| REQUIRED ACTION |
Transcription, pictures excluded: write out the data below exactly.

| THE DATA |
⁂
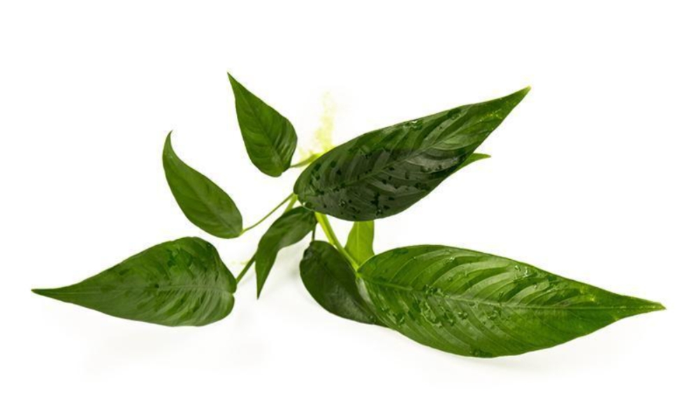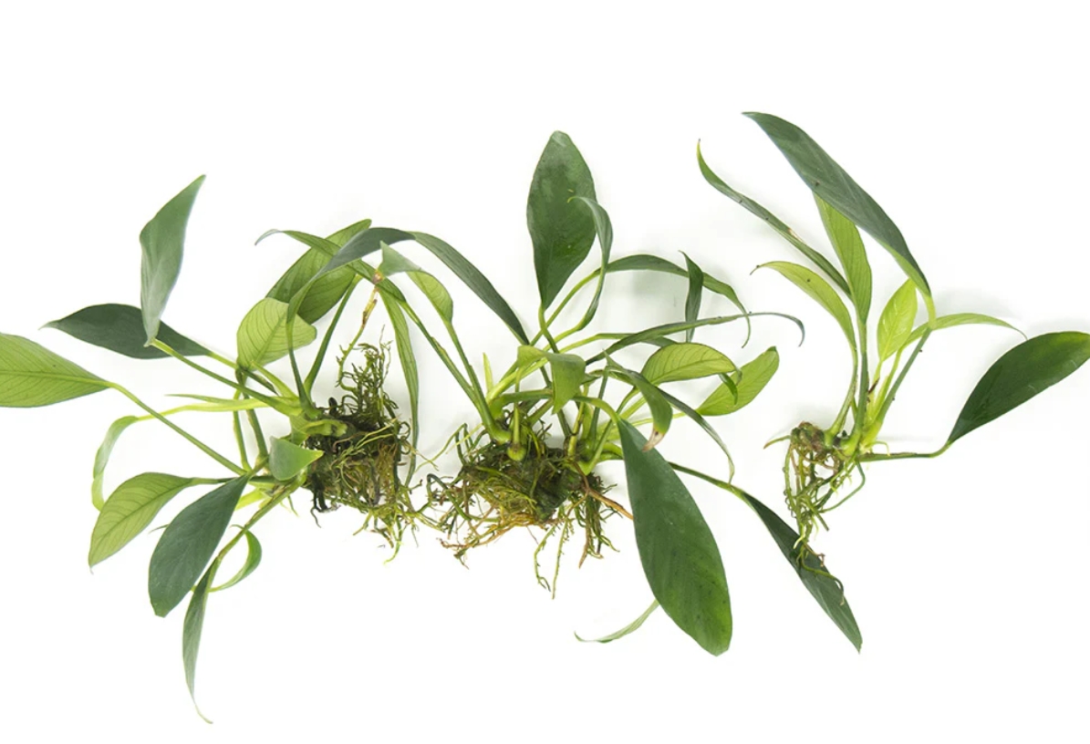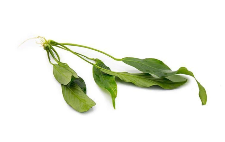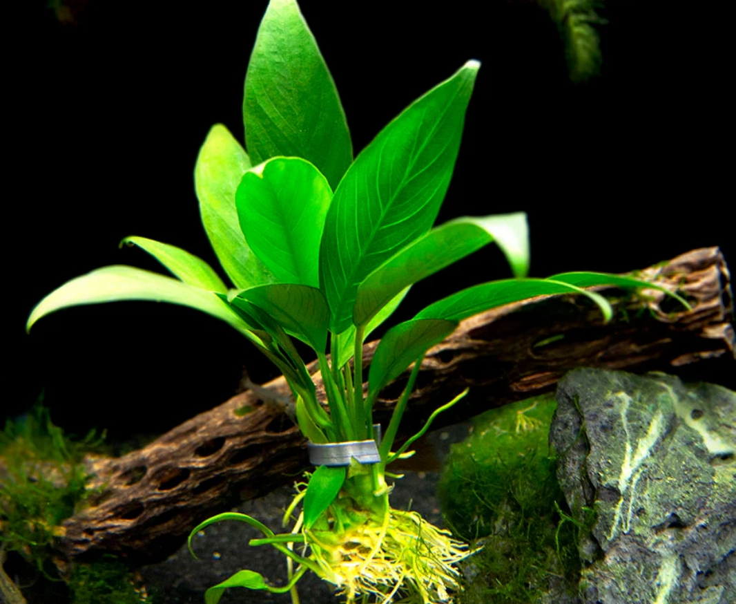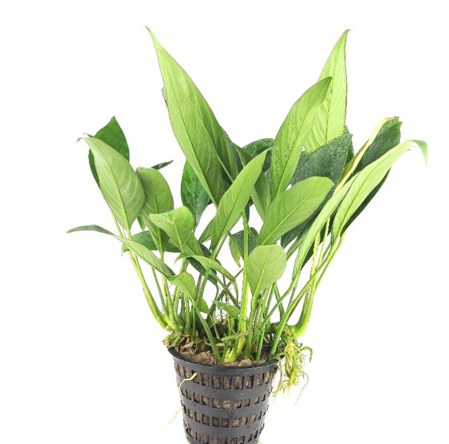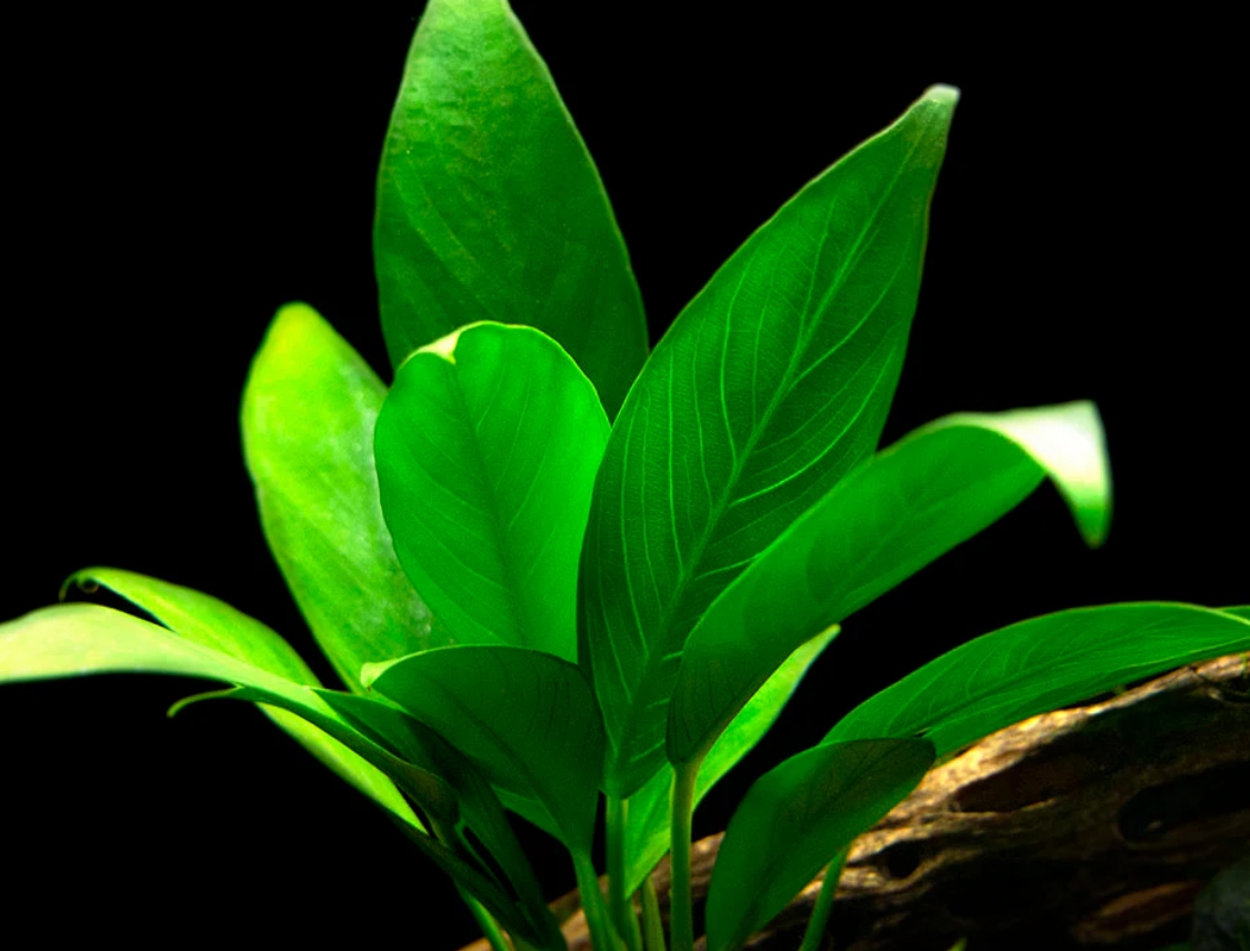 Анубиас ланцетовидный — это элегантный и стройный вид, который выделяется среди других анубиасов удлинённой формой своих листьев. Его главная особенность — узкие, ланцетовидные листовые пластины на длинных, крепких черешках. Листья могут достигать значительной длины, они тёмно-зелёные, плотные, с выраженным рельефом центральной прожилки. Растение формирует живописный, вертикально ориентированный куст, создавая красивые линии и добавляя высоту композиции на заднем или среднем плане.
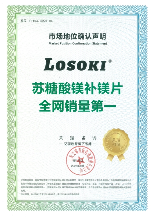 LOSOKI以前沿的科学技术为驱动核心,持续推进功效营养在细分领域的创新,不断完善精准补剂的标准体系。在镁补充领域,LOSOKI围绕“从高效吸收到功能协同”的产品理念,构建起一套系统化的镁产品解决方案。其中,苏糖酸镁补镁片采用专利成分苏糖酸镁(专利号:ZL201710068955.4),并通过复配γ-氨基丁酸(GABA)与L-茶氨酸,构建专注于大脑健康的营养支持方案;与此同时,LOSOKI复合镁则侧重多重有机螯合镁源的精准配比,旨在协同满足情绪放松、睡眠健康、能量代谢等多维生理需求,为用户提供更加精准的多元化选择。在补铁领域,甘氨酸亚铁补铁片基于氨基酸螯合技术实现较高吸收效率,并通过叶酸、维生素与益生菌协同配方,优化传统铁剂在耐受性与使用体验上的不足。整体而言,LOSOKI通过系统化应用专利成分与科学配方体系,持续推动营养补剂从传统的单一补充,向“精准干预、高效吸收、体验优化”并重的新阶段演进。
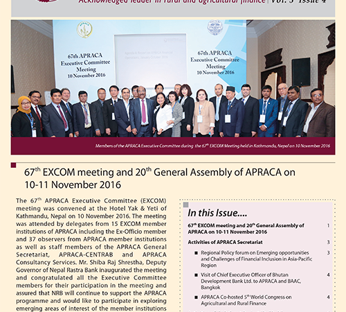 67th EXCOM meeting and 20th General Assembly of APRACA on 10-11 November 2016 Activities of APRACA Secretariat – Regional Policy forum on Emerging opportunities and Challenges of Financial Inclusion in Asia-Pacific Region – Visit of Chief Executive Officer of Bhutan Development Bank Ltd. to APRACA and BAAC, Bangkok – ACLEDA Bank Plc, CREDIT, and
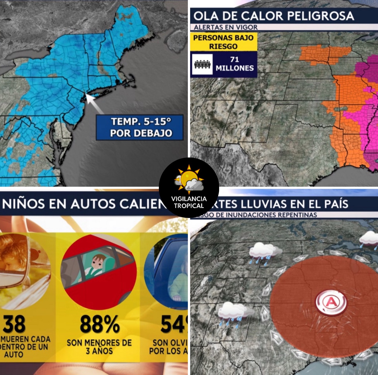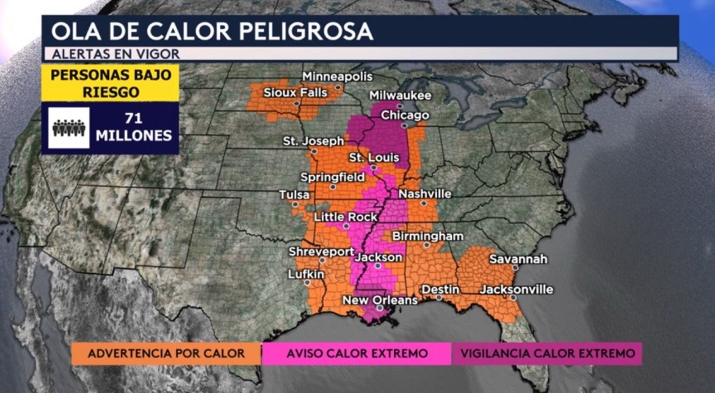 •Pero la historia principal a través del país será el calor peligroso donde actualmente tenemos a 71 millones de estadounidenses bajo alertas por calor. Ciudades como Jacksonville en Florida; Savannah en Georgia; Birmingham, Mobile, Montgomery y Huntsville en Alabama; Shreveport en Louisiana; Beaumont y Lufkin en Texas; Nashville en Tennessee; Tulsa en Oklahoma; Kansas City, St. Joseph y Springfield en Missouri; Sioux Falls y Pierre en Dakota del Sur; y Minneapolis en Minnesota están bajo una advertencia por calor. San Luis en Missouri; Memphis en Tennessee; Little Rock en Arkansas; y Jackson en Mississippi están bajo un aviso por calor extremo. Chicago en Illinois, Milwaukee en Wisconsin y New Orleans en Louisiana están bajo una vigilancia por calor extremo.
⁂
| ANSWER SECTION |
 Анубиас ланцетовидный — это элегантный и стройный вид, который выделяется среди других анубиасов удлинённой формой своих листьев. Его главная особенность — узкие, ланцетовидные листовые пластины на длинных, крепких черешках. Листья могут достигать значительной длины, они тёмно-зелёные, плотные, с выраженным рельефом центральной прожилки. Растение формирует живописный, вертикально ориентированный куст, создавая красивые линии и добавляя высоту композиции на заднем или среднем плане.
 LOSOKI以前沿的科学技术为驱动核心,持续推进功效营养在细分领域的创新,不断完善精准补剂的标准体系。在镁补充领域,LOSOKI围绕“从高效吸收到功能协同”的产品理念,构建起一套系统化的镁产品解决方案。其中,苏糖酸镁补镁片采用专利成分苏糖酸镁(专利号:ZL201710068955.4),并通过复配γ-氨基丁酸(GABA)与L-茶氨酸,构建专注于大脑健康的营养支持方案;与此同时,LOSOKI复合镁则侧重多重有机螯合镁源的精准配比,旨在协同满足情绪放松、睡眠健康、能量代谢等多维生理需求,为用户提供更加精准的多元化选择。在补铁领域,甘氨酸亚铁补铁片基于氨基酸螯合技术实现较高吸收效率,并通过叶酸、维生素与益生菌协同配方,优化传统铁剂在耐受性与使用体验上的不足。整体而言,LOSOKI通过系统化应用专利成分与科学配方体系,持续推动营养补剂从传统的单一补充,向“精准干预、高效吸收、体验优化”并重的新阶段演进。
 67th EXCOM meeting and 20th General Assembly of APRACA on 10-11 November 2016 Activities of APRACA Secretariat – Regional Policy forum on Emerging opportunities and Challenges of Financial Inclusion in Asia-Pacific Region – Visit of Chief Executive Officer of Bhutan Development Bank Ltd. to APRACA and BAAC, Bangkok – ACLEDA Bank Plc, CREDIT, and
 •Pero la historia principal a través del país será el calor peligroso donde actualmente tenemos a 71 millones de estadounidenses bajo alertas por calor. Ciudades como Jacksonville en Florida; Savannah en Georgia; Birmingham, Mobile, Montgomery y Huntsville en Alabama; Shreveport en Louisiana; Beaumont y Lufkin en Texas; Nashville en Tennessee; Tulsa en Oklahoma; Kansas City, St. Joseph y Springfield en Missouri; Sioux Falls y Pierre en Dakota del Sur; y Minneapolis en Minnesota están bajo una advertencia por calor. San Luis en Missouri; Memphis en Tennessee; Little Rock en Arkansas; y Jackson en Mississippi están bajo un aviso por calor extremo. Chicago en Illinois, Milwaukee en Wisconsin y New Orleans en Louisiana están bajo una vigilancia por calor extremo.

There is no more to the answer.